Camera: Camera tilts / drops as the "host" gives up on the take.
Close:  No big paw-wave goodbye, no on-screen hearts, no subscribe
        graphic. Just the animal flopping down and the frame tilting to
        the ceiling, voice trailing off mid-word.

Negative prompt (Seedance / Kling — paste into the dedicated field)

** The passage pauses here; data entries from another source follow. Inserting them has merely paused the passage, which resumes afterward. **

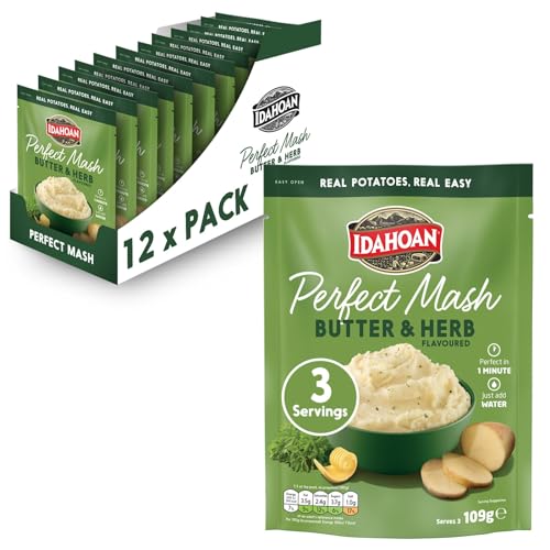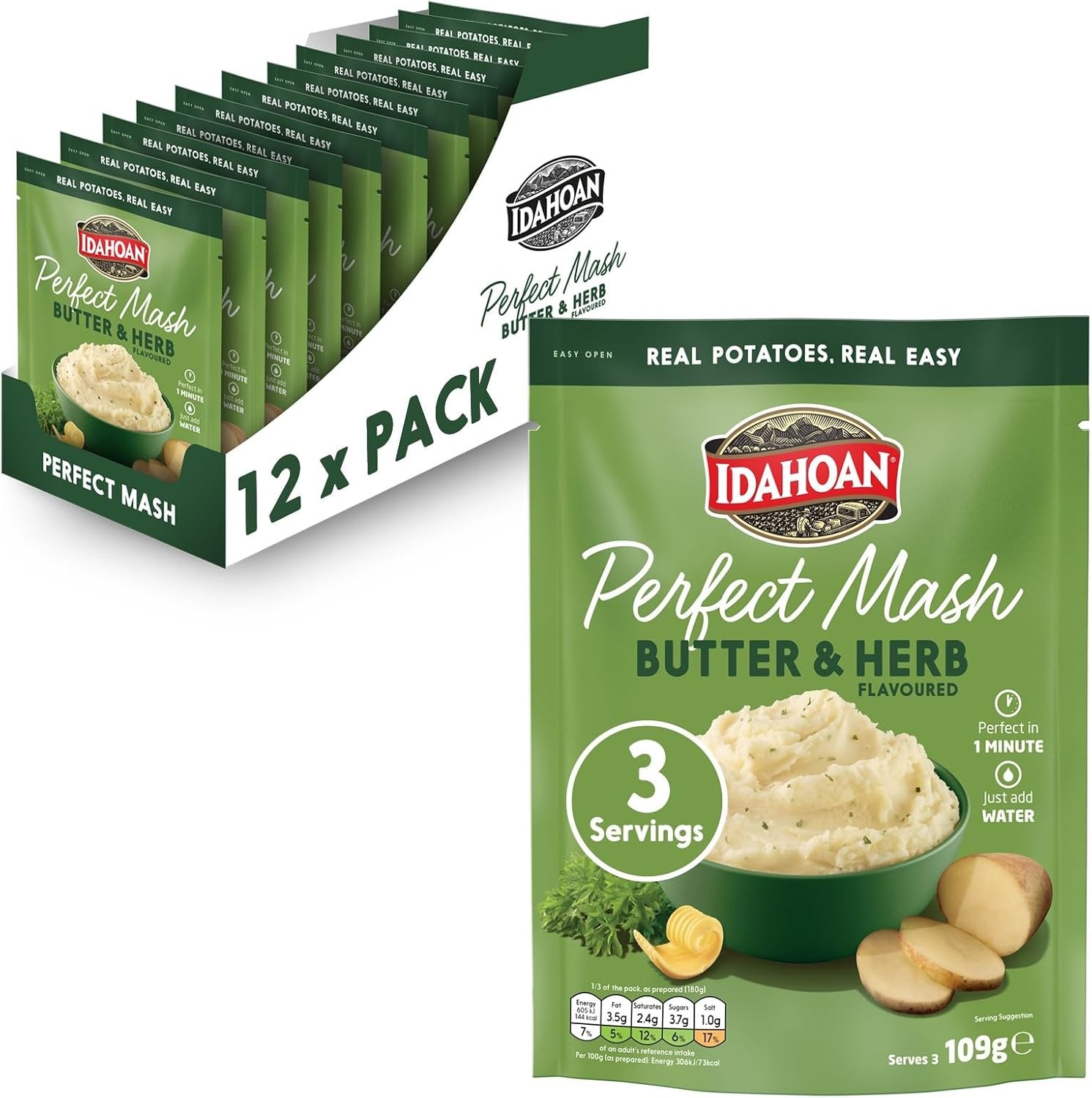 Idahoan Mashed Potato Butter & Herb 109g, Instant Mash Potatoes (Pack of 12)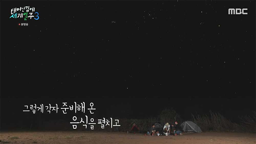 각자 준비한 음식을 먹으며 바오밥 애비뉴 캠핑을 시작한다.
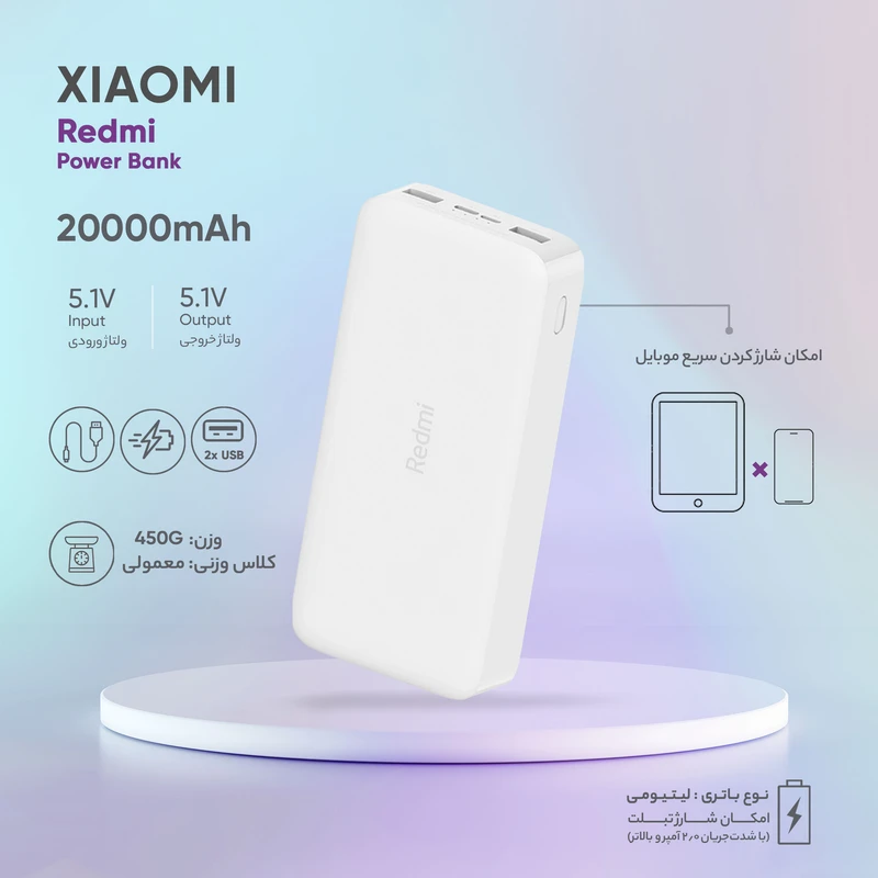 معرفی پاوربانک شیائومی مدل Redmi ظرفیت ۲۰۰۰۰ میلی آمپرساعت

blurry, low resolution, watermark, text overlay, subtitles, logo, distorted face, asymmetric eyes, extra limbs, deformed paws, the animal changing breed or color between shots, uncanny rubbery CG fur, dead glassy eyes, stiff puppet jaw, lip-sync mismatch, oversaturated colors, plastic skin, glossy CG render, video-game look, 3D cartoon render, polished cinematic lighting, frame flicker, ghosting, jarring hard cuts, on-screen emojis, subscribe button overlay

Why it's built this way

Usage: generate the greeting beat (0–3s) first to lock the talking face and the voice; if the lip-sync and the breed read right there, the cutaway and punchline will hold. Keep the bit short — one joke, one collapse.

Model: Veo 3 and Sora 2 are strongest for synced spoken dialogue — use one of them for the talking shots. Kling 3.0 supports multilingual dialogue. Seedance 2.0 has native synced audio but verify the lip-sync on the talking beats; cut away to B-roll if a take's sync drifts.